Une annonce prématurée et un cadre flou
De mon point de vue, le gouvernement a annoncé cette réforme trois ans avant sa mise en application, sans prévoir de cadre clair ni de ressources suffisantes pour l’encadrer. Cela a créé un appel d’air pour les réseaux criminels et personnes peu scrupuleuses, qui ont profité de l’absence de coordination entre les lois et leur mise en œuvre. Les proxénètes et autres acteurs du crime organisé se sont rapidement implantés, exacerbant les abus au lieu de les réduire.

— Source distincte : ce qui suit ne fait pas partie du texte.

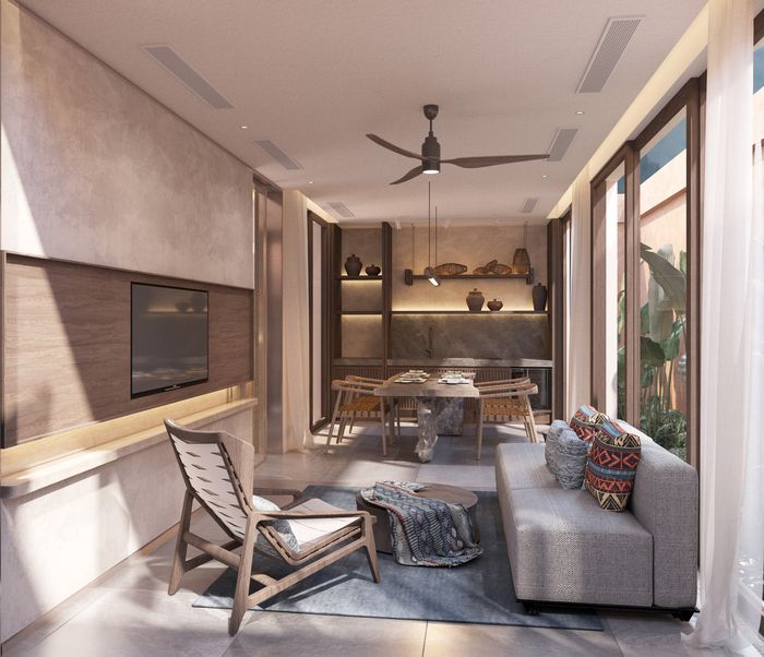 The rooms at Mandala Retreats are designed with a delicate touch, blending seamlessly with nature through open spaces that make the most of the stunning natural beauty. The hotel rooms have a modern style, yet retain a rustic and cozy atmosphere. Each room offers a view of the lush green valley or the infinity pool, providing a peaceful and relaxing vibe.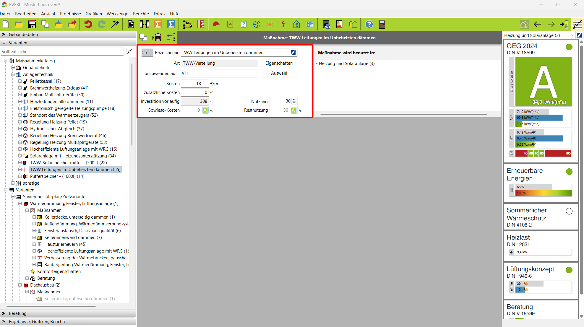 Achtung! Das Bearbeiten einer Maßnahme hat Auswirkung auf alle Varianten, denen diese Maßnahme bereits zugeordnet ist!

C'est un problème courant dans les réformes mal préparées : une annonce anticipée sans cadre clair peut donner lieu à des abus avant même l'entrée en vigueur des lois. Une coordination plus stricte entre les réformes législatives et l’application sur le terrain (justice et police) aurait pu prévenir cela. C'est une erreur stratégique majeure. Les réformes de cette ampleur doivent être accompagnées d'un encadrement immédiat et robuste, comprenant des ressources accrues pour la justice, des moyens pour la police, et une communication claire auprès des parties prenantes (y compris les travailleuses du sexe elles-mêmes). Sans ces éléments, la réforme est devenue une opportunité pour les abus.

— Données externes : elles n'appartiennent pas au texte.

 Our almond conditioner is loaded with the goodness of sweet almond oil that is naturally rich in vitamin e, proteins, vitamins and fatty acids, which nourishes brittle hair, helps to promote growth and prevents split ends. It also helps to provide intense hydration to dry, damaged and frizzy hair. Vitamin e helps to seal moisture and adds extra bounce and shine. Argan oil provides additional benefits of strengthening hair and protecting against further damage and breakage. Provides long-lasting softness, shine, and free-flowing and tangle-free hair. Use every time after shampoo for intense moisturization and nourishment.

Aujourd’hui, la Belgique, avec sa justice au bord de la faillite et son manque criant d’effectifs dans la police, peine à contrôler cette situation. Les travailleuses du sexe sont les premières victimes de cette gestion chaotique, incapables de se défendre contre les exploitants qui leur extorquent une grande partie de leurs revenus.
Associations : un soutien limité et pas toujours aligné
Certaines associations peinent à répondre aux attentes des TDS, malgré des moyens significatifs. Une meilleure coordination et un recentrage sur les priorités des TDS seraient nécessaires. Par exemple, la promotion de thématiques marginales comme l’urologie sous couvert d’expression artistique, suscite chez moi de l’incompréhension. Pendant ce temps, les problèmes cruciaux – l’exploitation, la discrimination et le crime organisé – restent parfois ignorés.
D’autres initiatives sont mieux perçues, mais globalement, les associations ne répondent pas pleinement aux attentes des TDS. Aujourd'hui, personnellement, si vous êtes TDS et que vous rencontrez des problémes, l'association ICAR est la plus efficaces que j'ai rencontré.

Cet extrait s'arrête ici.